Le quotidien sénégalais L‘As a publié dans son numéro du mardi 19 mai 2014 un entretien que le journaliste Amadou Bâ a eu avec le Professeur Oumar Sankharé de la Faculté des lettres de l’Ucad à propos de son livre intitulé Le Coran et la culture grecque, publié aux éditions L’Harmattan.


Rédigé par leral.net le Lundi 16 Juin 2014 à 07:00 | | 3 commentaire(s)|

A propos du livre du Professeur Sankharé - Par Khadim Mbacké
Des compatriotes m’ont appelé pour me demander de réagir. Le même journaliste qui a eu l’entretien avec Sankharé a demandé à me rencontrer pour connaître mon avis sur les propos du Pr Sankharé. J’ai exprimé quelques réserves fondées sur une rapide exploration d’une partie de l’entretien en attendant d’avoir l’honneur et le plaisir de lire l’ouvrage de l’auguste collègue.
Etant donné la publicité qu’on est en train de faire sur un ouvrage au contenu plus que discutable, je voudrais donner davantage d’explications après avoir terminé la lecture de l’entretien susmentionné.
Dans l’introduction de l’entretien, on lit : «Le professeur Oumar Sankharé n’en est pas moins un arabisant.»
Le 27 décembre 2013, j’ai participé à la soutenance d’une thèse de doctorat d’Etat présentée par le doyen de la Faculté de lettres de l’Université de Nouakchott sur l’Acharisme (une école de théologie musulmane).
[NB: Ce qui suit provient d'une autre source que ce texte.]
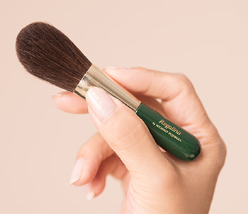 事務所を設立した際に立ち上げたオリジナルブランドのフェイスブラシは、従来のブラシを改良し、女性の手にフィットして使いやすいように柄を短くしたもの。「よい道具を使うとメイクの仕上がりに違いが出ます。だから道具はとても大切」と藤原さん。

Le Pr Sankharé, qui était le président du jury, n’a pu apprécier la thèse qu’à travers un résumé en français élaboré par le candidat. Durant toute la soutenance, l’éminent universitaire n’a pas prononcé une seule phrase en langue arabe. N’a-t-il pas raté là une précieuse occasion de prouver sa maîtrise de la langue de Moutanabbi ? En tout état de cause, je suis prêt à engager un débat en arabe avec lui sur n’importe quelle chaîne de télévision nationale ou internationale.
Le Pr Sankharé aurait écrit son ouvrage pour «essayer de démontrer que le Prophète de l’islam n’est pas un illettré et que le Coran est imprégné de culture grecque, car renfermant plusieurs aspects que l’on retrouve dans les œuvres de Platon et Parménide».
Si le contenu de l’entretien ne fait que confirmer les idées défendues dans l’ouvrage, le professeur Sankharé risque de ne convaincre que ceux qui sont prêts à accepter, sans arguments, tout ce qui est écrit contre l’islam et ses sources.
Selon Oumar Sankharé : «On n’a dit nulle part que le Prophète est un illettré dans le Coran.» Pour le prouver, il se livre à une gymnastique étymologique purement arbitraire à propos du qualificatif «ummiy» traduit par tous les traducteurs du Coran par illettré comme on le lit dans cette traduction officielle du livre saint publiée par le complexe Roi Fahd de Médine destiné à cet effet : «Ceux qui suivent le Messager, le Prophète illettré qu’ils trouvent écrit (mentionné) chez eux dans la Thora et l’Evangile. Il leur ordonne le convenable, leur défend le blâmable, leur rend licites les bonnes choses, leur interdit les mauvaises et leur ôte le fardeau et les jougs qui étaient sur eux.»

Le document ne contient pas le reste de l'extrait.